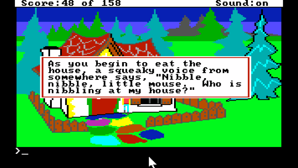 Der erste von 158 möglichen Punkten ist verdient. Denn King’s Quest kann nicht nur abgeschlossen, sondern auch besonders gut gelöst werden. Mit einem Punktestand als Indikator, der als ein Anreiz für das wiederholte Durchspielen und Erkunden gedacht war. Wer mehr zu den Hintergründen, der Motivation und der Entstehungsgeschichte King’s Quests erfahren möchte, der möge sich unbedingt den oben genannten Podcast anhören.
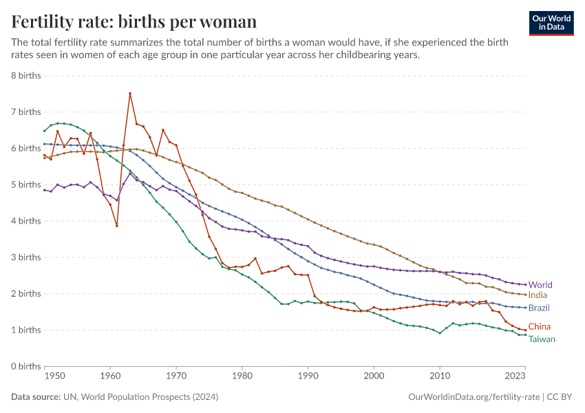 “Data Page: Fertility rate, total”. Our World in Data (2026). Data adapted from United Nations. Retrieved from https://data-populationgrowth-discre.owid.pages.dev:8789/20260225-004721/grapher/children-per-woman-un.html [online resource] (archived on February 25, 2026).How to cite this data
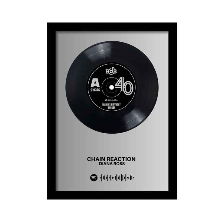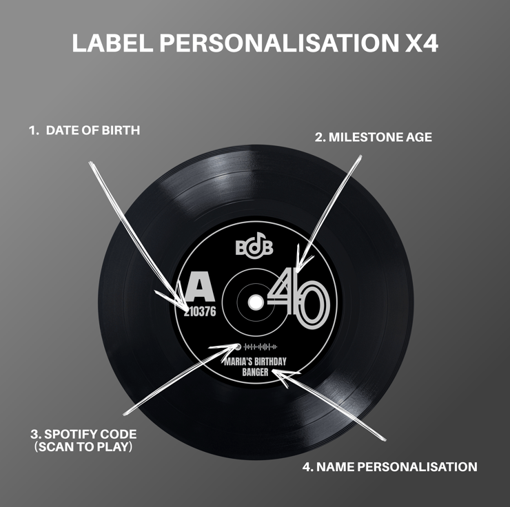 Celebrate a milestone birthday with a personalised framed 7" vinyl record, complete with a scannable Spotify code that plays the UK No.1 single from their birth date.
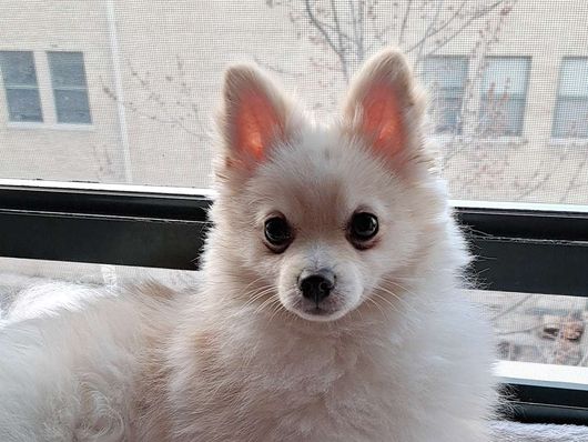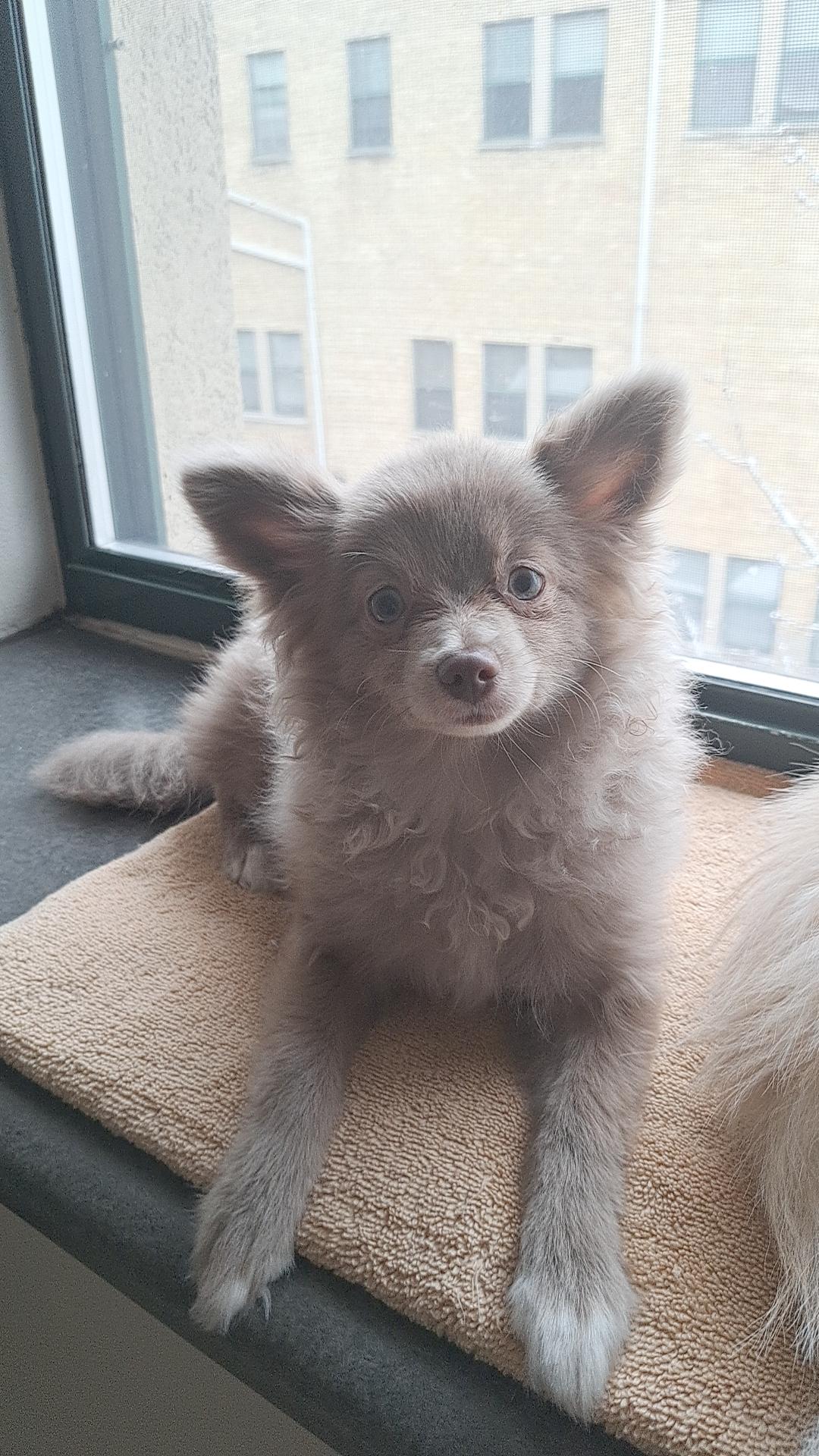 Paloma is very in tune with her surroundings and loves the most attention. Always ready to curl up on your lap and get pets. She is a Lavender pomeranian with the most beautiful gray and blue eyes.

::::

■ Exercise directions:
Using the listing above, restate exactly the range between the lines holding "cite this data" and "Celebrate a milestone", inclusive, with pictures left out.

■ Solution for this exercise:
 “Data Page: Fertility rate, total”. Our World in Data (2026). Data adapted from United Nations. Retrieved from https://data-populationgrowth-discre.owid.pages.dev:8789/20260225-004721/grapher/children-per-woman-un.html [online resource] (archived on February 25, 2026).How to cite this data
 Celebrate a milestone birthday with a personalised framed 7" vinyl record, complete with a scannable Spotify code that plays the UK No.1 single from their birth date.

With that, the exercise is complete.